C–C Bond Formation and Related Reactions at the CNC Backbone in (smif)FeX (smif = 1,3-Di-(2-pyridyl)-2-azaallyl): Dimerizations, 3 + 2 Cyclization, and Nucleophilic Attack; Transfer Hydrogenations and Alkyne Trimerization (X = N(TMS)2, dpma = (Di-(2-pyridyl-methyl)-amide))
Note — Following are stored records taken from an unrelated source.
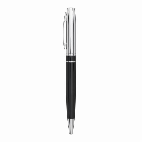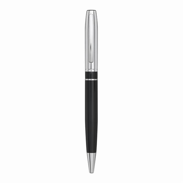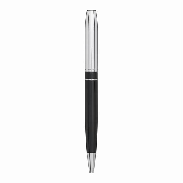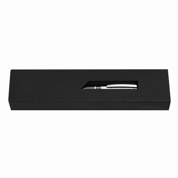 Długopis metalowy SILVER LINE: z mechanizmem obrotowym, błyszcząca powierzchnia, niebieski wkład, w pudełku. Materiał: Stal z recyklingu/Mosiądz Kolor: czarny Tagi: Długopisy,ołówki,akcesoria biurowe,przybory do pisania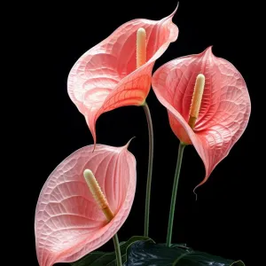 L’anthurium se distingue par son inflorescence composée d’une grande spathe lustrée, souvent en forme de cœur, qui entoure un spadice central jaune ou crème. La spathe, parfois nervurée, offre une palette de couleurs impressionnante : rouge vif, rose, blanc, vert, orange, saumon, chocolat ou même bicolore selon les variétés. Cette floraison, qui peut durer plusieurs semaines, illumine et dynamise les intérieurs, que ce soit en pot ou en bouquet.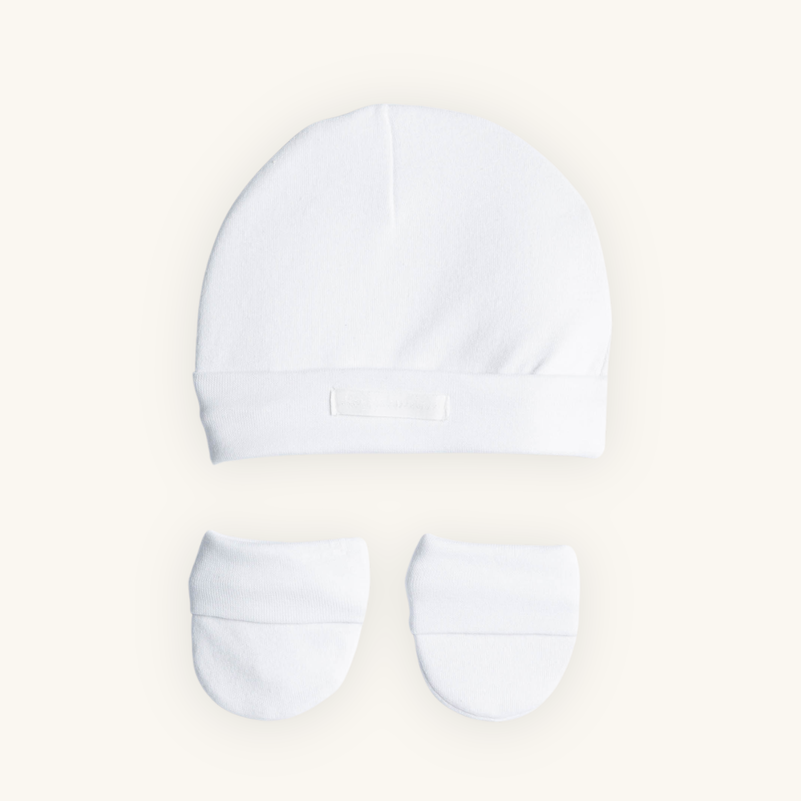 Kit Touca e Luvas Bebê Branco em Suedine Premium 100% Algodão – Proteção, conforto e carinho desde os primeiros dias.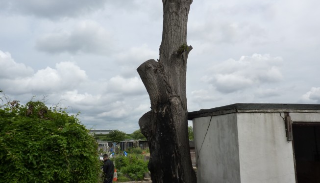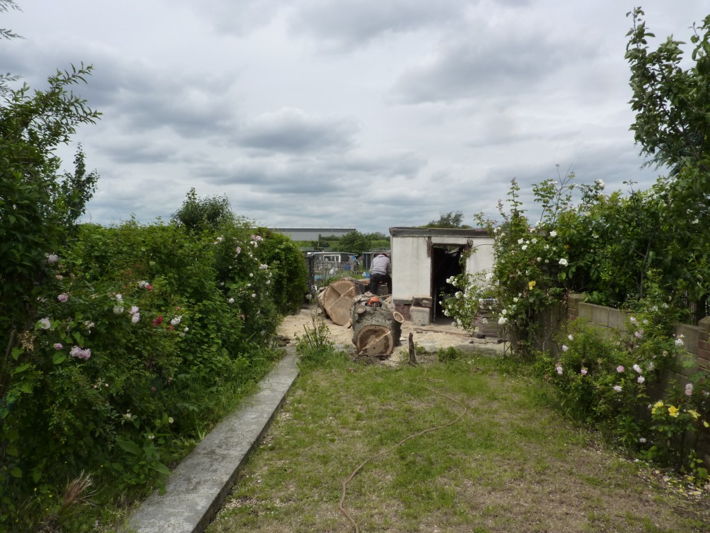 As the tree was removed the shabby old shed could be rebuilt and another smaller tree was later planted as a replacement.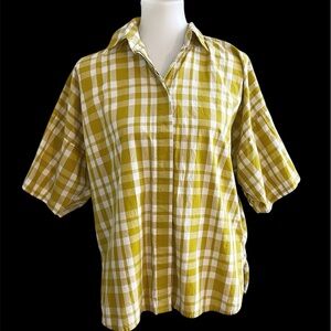 Norma Kamali Yellow Plaid Button-Down Shirt Casual Fall Classic Pumpkin Patch

Molecular orbital analysis depicts the CNCnb backbone of the smif (1,3-di-(2-pyridyl)-2-azaallyl) ligand as having singlet diradical and/or ionic character where electrophilic or nucleophilic attack is plausible. Reversible dimerization of (smif)­Fe{N­(SiMe3)2} (1) to [{(Me3Si)2­N}­Fe]2(μ-κ3,κ3-N,py2-smif,smif) (2) may be construed as diradical coupling. A proton transfer within the backbone-methylated, and o-pyridine-methylated smif of putative ( b Me2 o Me2­smif)­Fe­N(SiMe3)2 (8) provides a route to [{(Me3Si)2­N}­Fe]2(μ-κ4,κ4-N,py2,C-( b Me, b CH2, o Me2(smif)­H))2 (9). A 3 + 2 cyclization of ditolyl-acetylene occurs with 1, leading to the dimer [{2,5-di(pyridin-2-yl)-3,4-di-(p-tolyl-2,5-dihydro­pyrrol-1-ide)}­FeN­(SiMe3)2]2 (11), and the collateral discovery of alkyne cyclotrimerization led to a brief study that identified Fe(N­(SiMe3)2­(THF) as an effective catalyst. Nucleophilic attack by (smif)2­Fe (13) on t BuNCO and (2,6- i Pr2C6H3)­NCO afforded (RNHCO-smif)2­Fe (14a, R = t Bu; 14b, 2,6- i PrC6H3). Calculations suggested that (dpma)2­Fe (15) would favorably lose dihydrogen to afford (smif)2­Fe (13). H2-transfer to alkynes, olefins, imines, PhNNPh, and ketones was explored, but only stoichiometric reactions were affected. Some physical properties of the compounds were examined, and X-ray structural studies on several dinuclear species were conducted.